Bowers assigned the case to the trial list of Judge Thomas Griffith and set a pretrial hearing for April 7. Nashland remains in the Macon County Jail with bail set at $2 million, meaning he must post $200,000 to be released.

A sworn affidavit from the Macon County Sheriff’s Office said the gravely ill child’s condition came to light the night of Feb. 13 when Nashland brought his son to Decatur Memorial Hospital. He arrived at the hospital some 10 hours after the injuries had been inflicted, with the baby continually vomiting.

Doctors called police after finding bleeding brain wounds linked to a healing brain injury and a newer brain injury.

“(The baby) had fractured ribs and first- and second- degree burns to his penis, thigh and leg areas,” said Sgt.
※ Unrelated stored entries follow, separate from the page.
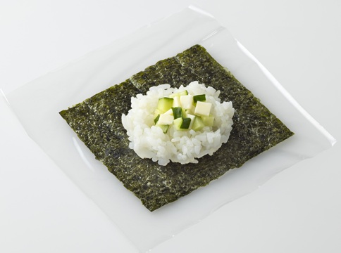 同様に、「サランラップ®」を切り、全形を4等分にしたのりを1枚、すし飯1個を順にのせ、中心に5mm角に切ったスライスチーズときゅうりを適量入れ、成形する。「サランラップ®」をはずし、ネコの顔や耳のパーツに切ったスライスチーズとのりをのせる。
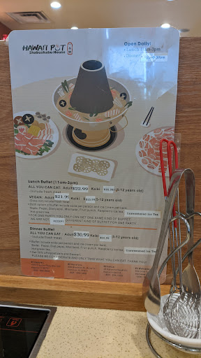 Old review: $28.99 AYCE for dinner, $19.99 for lunch 11am-3pm. It's BYOB cause they don't serve alcohol. The AYCE comes with 2 soft drinks, 50% off appetizers, most of the protein and everything in the fridge. The soup base can be individual pots or 1 pot all together. I ordered hot and spicy soup base and it came out looking like they just put chilly pepper in hot water. It looked very very plain. There's a lot of selections in the fridge so that was a plus. There were 3 servers working that night and 2 of them barely speak English. Communication was kind of hard. Other than that, everything was okay....
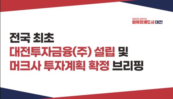 대전시는 오는 7월 설립을 목표로 추진하고 있으며, 앞으로 법인 설립, 신기술사업금융회사 등록 등 행정절차를 차질 없이 진행할 예정이다.
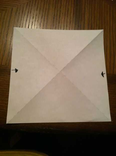 Dé vuelta el papel y presione lados juntos entre triángulos en los lados opuestos así que el papel comienza a "colapsar".

Roger Pope in the affidavit. “He also had bruises on his right ankle and right upper back ... and his right ear area.”

Pope said Nashland at first came up with excuses to explain how his son had been so badly hurt. Nashland is quoted as claiming the family dog had trampled the baby and the baby’s 3-year-old sister may have accidentally fell on him.

Later, after police said they discovered Nashland had been looking up “how long do you go jail for infant abuse?” on his phone, the sworn affidavit said he confessed to deliberately injuring his baby.

“Seth admitted that he had become very upset and actually shook his 8-week-old son back and forth using his hands,” said Pope. “Seth said his son’s head went forcefully back and forth a few times before (the baby’s) eyes rolled back into his head. Seth said he then used force to push his son to the ground. Seth said he believes he used enough force to break the baby’s ribs when he pushed him down. Seth also said when he did this, the baby’s head struck the TV stand.”

Nashland then told police the baby was crying so he took him to the sink to give him a bath while in a state of panic. He is quoted as saying he had accidentally “bumped” the cold water supply off during the bath, and that was how the baby got burned.

The affidavit, dated Feb. 19, described the baby as being cared for at HSHS St. John’s Hospital in Springfield. At that time, the child was on a respirator in the Neonatal Intensive Care Unit and being given several medications to combat “uncontrollable seizures” with a nurse dedicated to his care.

“Staff at St. John’s have indicated that (the baby) may not live but, if he does, he may have problems with his vision and his brain function for the rest of his life,” added Pope.

A St. John’s spokeswoman declined to comment on the baby’s condition when contacted Wednesday by the Herald & Review.